Also the sun is so damn strong, especially as we spend pretty much all day long on the bike. Therefore, I strongly encourage you to prepare a long-sleeve yet thin jacket. We sweat so much in our rain jacket that I wished I read this info beforehand.


Obviously, bring me some sunscreen and sunglasses. →


About the vehicle now. Samuel and I happened not to have too much choice actually, especially Samuel aha.

  • For Samuel and I, it’s gonna be a semi-automatic (150,000 VND a day or about 6€, ~6.52USD or ~10AUD). First, the rental guy, who’s also the owner of the guesthouse, tells Samuel (not me as I am a woman…) that it’d be better to use a semi one instead of a full automatic since he’s gonna have someone behind and that driving one will be easier and also that it has a better adhesion.

I had to fight my way so that he lets me use a semi-automatic bike, but it worked out very well! None of us ever drove a motorbike before that, but we learnt in about 3 minutes, right after the bus hence extremely exhausted on a more or less straight road.

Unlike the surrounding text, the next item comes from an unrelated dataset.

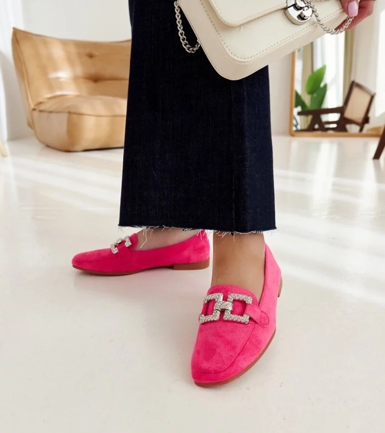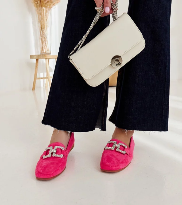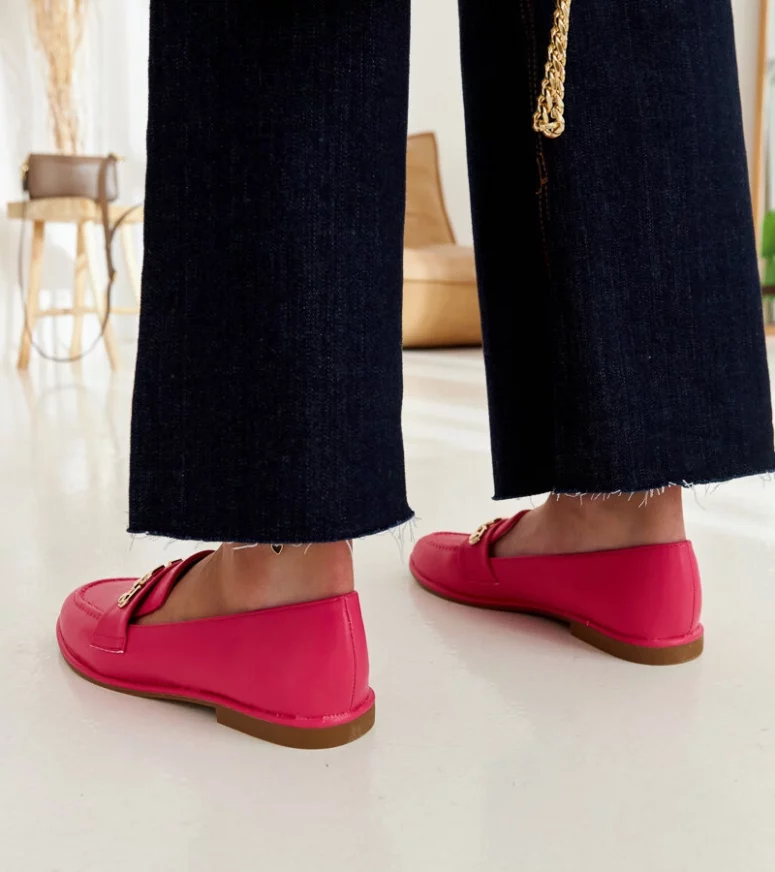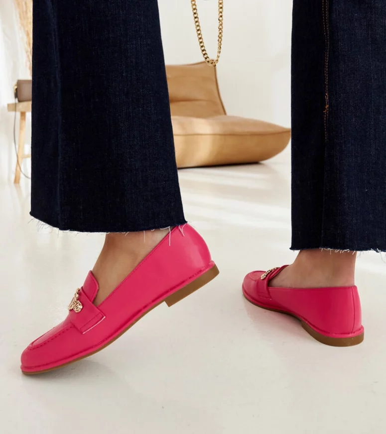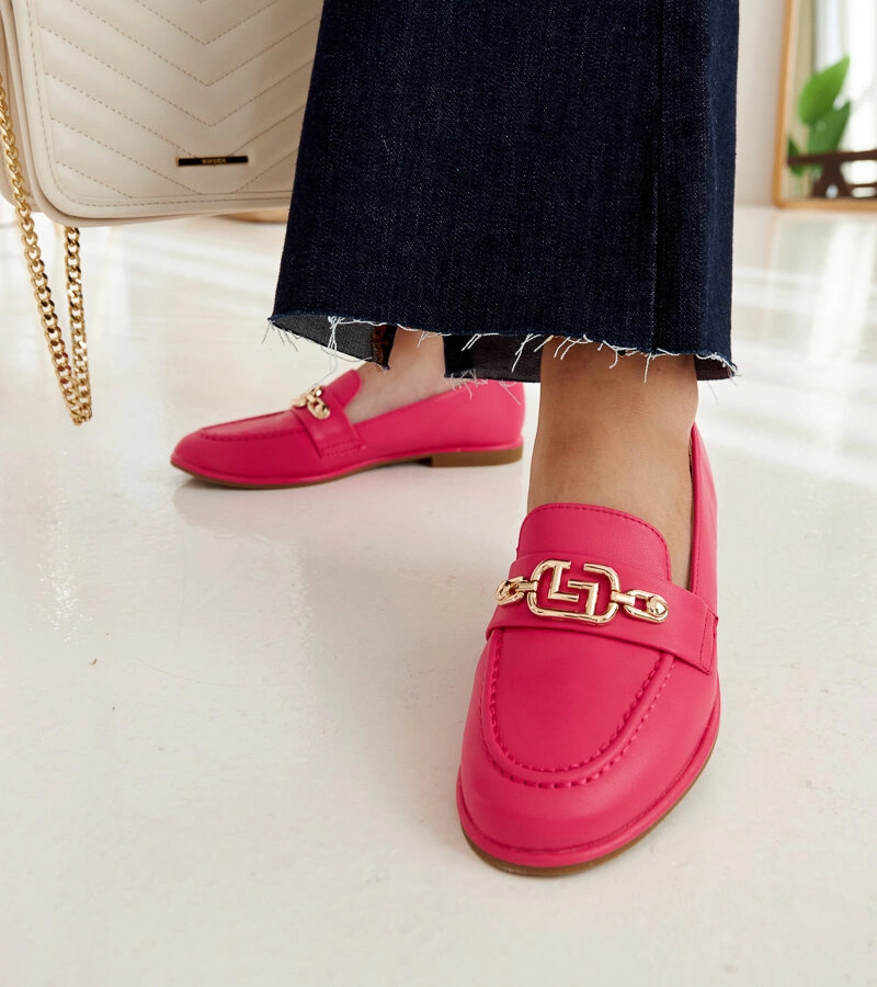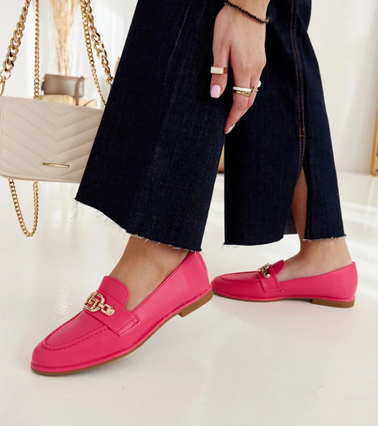 Różowe mokasyny Kuens to idealny wybór na letnie dni. Ich nowoczesny design z migdałkowym nosem i wsuwanej konstrukcji sprawia, że są nie tylko eleganckie, ale także bardzo wygodne. Ozdobione łańcuszkiem dodają im szczypty chic, co czyni je doskonałym uzupełnieniem letnich stylizacji. Niskie, wykonane z gumy – te mokasyny będą idealne na gorące dni!

  • However, if you don’t trust yourself or don’t feel confident, and don’t care much about speed, choose an automatic one, for 200 000 VND (~8€, so now I understand why the owner was so insistent).


  • A manuel one is about 250 000 VND, about 10€.

I don’t have any shop to recommend as we tried only one.  We didn’t have any sort of problem with our bikes, we even had clothes for the rain in the boot.

Driving is chaotic, even though a bit better than Hanoi for example as we are not going through any big city. Yet, the main scary part of driving in Vietnam is people overtaking and lorries are plentiful. I’d like to remind everyone this golden rule: a lorry always wins, and won’t care to send you in the ditch.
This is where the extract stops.